Цепь катастроф сопровождает поклонников Лины. Девочки завидуют ее легкомыслию, они не догадываются о печали, снедающей подругу. Лину постигла неудача с Эрькой Журо. Уж так устроен мир – он будет весь у твоих ног, но одноклассник по имени Эрик Журо не удостаивает тебя вниманием – и жизнь рушится, летит в тартарары. Висковская вот так иногда – закрыв ладошками уши – слушает печальную музыку внутри себя и хочет навзрыд плакать. Она удивляется, как без любви – в полуобмане живут взрослые, и жалеет взрослых.
Недавно Лину пересадили к Эрьке Журо, на четвертую парту. Она расчитывала на это, но озноб потряс ее сильное тело – что-то холодное прочитывалось в Эрькиных раскосых глазах.
Вот и сейчас, интригуя девчонок фантастическим рассказом, Лина видела упрямый подбородок Эрьки, узкие плечи и ускользающий взгляд, и мысль о грядущем одиночестве саданула ее. Побледнев, она молча прошла к своей парте и села.
Когда она очнулась, у доски уже стояла Валентина. Валентина грациозно вывела на доске мелом:
«Случай из моей жизни»
Верзила Галактионов шумно вздохнул. На перемене, до одури накурившись, Галактионов сладострастно выкручивает руки малышам, дело привычное; а тут – случай из моей жизни!… У Галактионова никогда никаких случаев и в помине не было.
Валентина вполоборота повернулась к классу и рассмеялась: мятущееся лицо Галактионова рассмешило ее. А Лине захотелось нижайше просить Валентину отменить, запретить, закрыть опасную тему. Да ведь не отменит.
Через три часа, порвав промокашку, Висковская вытерла вспотевшие пальцы и потянулась к Эрькиному сочинению, но ее остановил его взгляд.
– Ты никому не скажешь, Линка? Побожись!
– Что ты! Что ты! Похоронила, – она прижала большую руку к тому месту, где под черным фартуком устало и гулко билось ее сердце.
«Случай из моей жизни», – написал Эрька на первой странице и начал сразу, без плана. Лина длинным ногтем поставила галочку и стала читать, застывая, хотя солнце слепило комнату.
* * *
Вы просите, Валентина Юрьевна, описать случай из жизни. Но такие штуки не делаются смаху. Поэтому на следующий год, если Вы решите дать такое же сочинение десятиклассникам, обязательно предупредите их пораньше. Что же касается меня, то я решился.
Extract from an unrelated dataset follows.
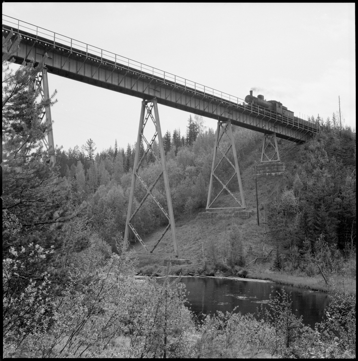 Godståg på bron över Röån på väg mot Hoting. På sträckan mellan Gåreleselet och Tågsjöberg.

Это случилось давным-давно, позапрошлым летом. В тот год к отцу снизошла доброта, он постучался рано утром в мою комнату, я проснулся. Он пристально посмотрел на меня и изрек:
– Счастье в чем? Счастье в труде! – и процитировал:
– Вырастет из сына свин, если сын свиненок…
Так меня наконец-то устроили юнгой на «Чубаря». Буксирный пароходик «Чубарь», напружинившись как гончая, таскал вверх по Умаре плоты, старые баржи, груженые соляркой и бензином, перевозил продовольствие. Работы хватало, приходилось в дождь, в непогоду бегать на пристанях за пивом для капитана и Иннокентьевича, боцмана. Я пыхтел от злости, но скоро полюбил нехитрые обязанности. К ночи с великим удовольствием забирался в каюту, открывал иллюминатор и, слушая всхлипы парового двигателя, быстро засыпал.
На «Чубаре» мне снились цветные сны. Снился дом наш под черепичной крышей, черный дым из красной трубы (мы топили углем), рыжий заплот; снилась – в ситцевом платье – мама…
Признаюсь, у нас была нелепая семья – самая нелепая во всем Урийске. Отец, начальник горкомхоза, всегда по-государственному озабоченный, читающий на память Маяковского: «И жизнь хороша, и жить хорошо. А в нашей буче, боевой, кипучей… «Ну, дальше знаете. Вы же литератор.
Мама кроткая и скучная, ласкала меня и моих сестер, штопала и самоварничала, пела песни. Песни раздражали отца, да и мне не нравились – было в них уездное занудство.
Сегодняшний день воскресенье
Но милый ко мне не пришел.
Наверно, он любит другую,
Наверно, другую нашел.
Отец закрывал дверь в свой кабинет, как только слышал эту песню. А мать пела и дальше, сейчас, сейчас припомню. А, вот эти слова, наводившие тоску, бередившие во мне странные струны.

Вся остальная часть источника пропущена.